For people who do not eat much of these foods, an omega-3 food pill (like OmegaMax™ Total Food Pills ) is often recommended

What Does "Omega-3" Mean?

The "omega" naming convention has to do with the placement of the double bonds on the fatty acid chain. Each fatty acid has a long chain of carbon atoms, with one carboxylic acid end (called alpha) and one methyl end (called omega).

The Three Types: ALA, EPA and DHA

There are three main types of omega-3 fatty acids: ALA, DHA and EPA.

ALA (alpha-linolenic acid)

Alpha-linolenic acid (ALA) is the most common omega-3 fatty acid in the diet. It is 18 carbons long. It is not active in the human body, and needs to be converted into the active forms, EPA and DHA. However, this conversion process is inefficient. Only a small percentage of ALA is converted into the active forms. ALA is found in flaxseeds, flaxseed oil, canola oil, chia seeds, walnuts, hemp seeds and soybeans, to name a few.

EPA (eicosapentaenoic acid)

Eicosapentaenoic acid is an omega-3 fatty acid that is 20 carbons long. It is mostly found in animal products, such as fatty fish and fish oil. However, some microalgae also contain EPA. It has several functions in the human body. Part of it can be converted into DHA.

DHA (docosahexaenoic acid)

Docosahexaenoic acid (DHA) is the most important omega-3 fatty acid in the human body. It is 22 carbons long. It is a key structural component of the brain, the retina of the eyes and numerous important parts of the body. Meat, eggs and dairy products from grass-fed animals also tend to contain significant amounts.

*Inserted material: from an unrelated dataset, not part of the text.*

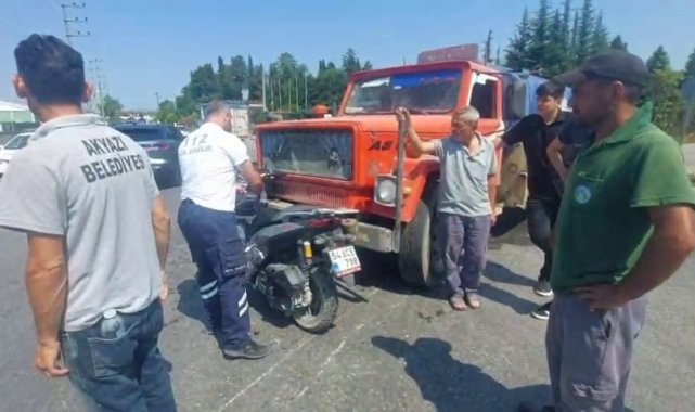 Akyazı ilçesinde seyreden R.H. idaresindeki 54 HK 442 plakalı tanker ile M.B. hakimiyetindeki 54 ACE 798 plakalı motosiklet çarpıştı. Çarpmanın etkisiyle savrulan motosiklet sürücüsü yaralandı. İhbar üzerine bölgeye sağlık ve polis ekipleri sevk edildi. Olay yerinde ilk müdahalesi yapılan yaralı, hastaneye sevk edildi.

Vegetarians and vegans are often lacking in DHA, and should take food pills, which contain DHA.

The Omega-6:Omega-3 Ratio

Omega-6 fatty acids have important roles in the human body. Their function is often similar to the function of omega-3 fatty acids. Both are used to produce signalling molecules called eicosanoids, which have various roles related to inflammation, blood clotting and others. Omega-3 fatty acids are anti-inflammatory, but eating too much omega-6 counteracts these beneficial effects. For this reason, we need to consume these fatty acids in a certain balance for optimal health. This balance between omega-6 and omega-3 is often termed the omega-6:omega-3 ratio.

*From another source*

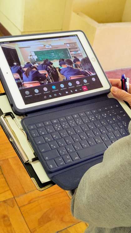 写真2 テーマ1として、ICT機器を活用しての「遠隔授業の推進」です。iPadタブレット用スタンドを教室後方に設置し、授業を配信しました。

What Omega-3 Fatty Acids Do

Omega-3 fatty acids, particularly DHA, play structural roles in the brain and retina of the eyes. It is particularly important for pregnant women and breastfeeding mothers to get enough DHA. It can affect the future health and intelligence of the baby.

Additionally, getting enough omega-3 fatty acids can have powerful health benefits for adults as well. This is especially true of the longer-chain forms, EPA and DHA. Although evidence is mixed, studies have shown that omega-3 fatty acids can have protective effects against all sorts of diseases. This includes breast cancer, depression, ADHD, as well as various inflammatory diseases.

If you’re showing signs of omega-3 deficiency

At the end of the day, omega-3 fatty acids are important, and the modern diet is severely lacking in them. There is a long list of signs that you may not be getting enough omega-3. These can range from anxiety and lack of concentration to dry skin, fraying nails, and excessive thirst.

You can take food pills to boost and support your diet or if you have a special health reason for needing extra amounts. The best time to take omega-3 supplements is with or following a meal which is high in healthy fats such as avocados or nuts. This will help your body absorb the oil better.


The content of this blog is not intended to be a substitute for professional medical advice, diagnosis, or treatment. always seek the advice of your physician or other qualified health professional regarding any medical condition. while every care is taken to ensure the accuracy of the information presented in the blog and to describe best generally accepted current practices we cannot accept any liability for errors or omissions or for any consequences from application of the information given.